People have managed to make some incredible changes to their environment. This week The Wave opened in England, an artificial lake that generates artificial waves so that people can surf. There is also warm weather skiing on plastic and the more extreme indoor ski slope cooled to negative temperatures in hot Dubai. The football world cup will required air conditioned stadiums. All this gives hope that technology can repair the damage we are doing from burning fossil fuels, but also these feats of engineering require enormous amounts of energy themselves.

Big Mistakes

In my reading about health, smoking seems to be the worst decision a person can make. This week I saw some calculations about how smoking is a terrible financial mistake, in addition to the health costs.

Big Classes

This week I finished a Massive open online course (MOOC) on statistics, making it the first online course I’ve completed. Previous attempts, such as the biology course I started in Week 28, have been derailed by lack of interest or energy. I was particularly reminded of the importance of working in your Zone of Proximal Development by this line of mathematics.

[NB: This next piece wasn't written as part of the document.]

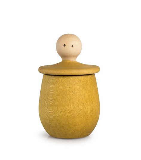 Scatola dei desideri gialla con una piccola figura all’interno.

Depending on your familiarity with logarithms, this may either appear indecipherable or trivial. I particularly remember encountering logs around the age of 15, and it being the point in my mathematical learning where maths stopped being intuitive. It was confronting to not find the subject easy. Unfortunately I couldn’t see or be shown how pushing past that initial discomfort would lead to valuable personal growth, and I moved away from mathematics to subjects I “felt I was better at”. I think the feeling of being overwhelmed, of being stuck, drives many people away from opportunities to grow and empower themselves, and it is a feeling I am still striving to become more comfortable with.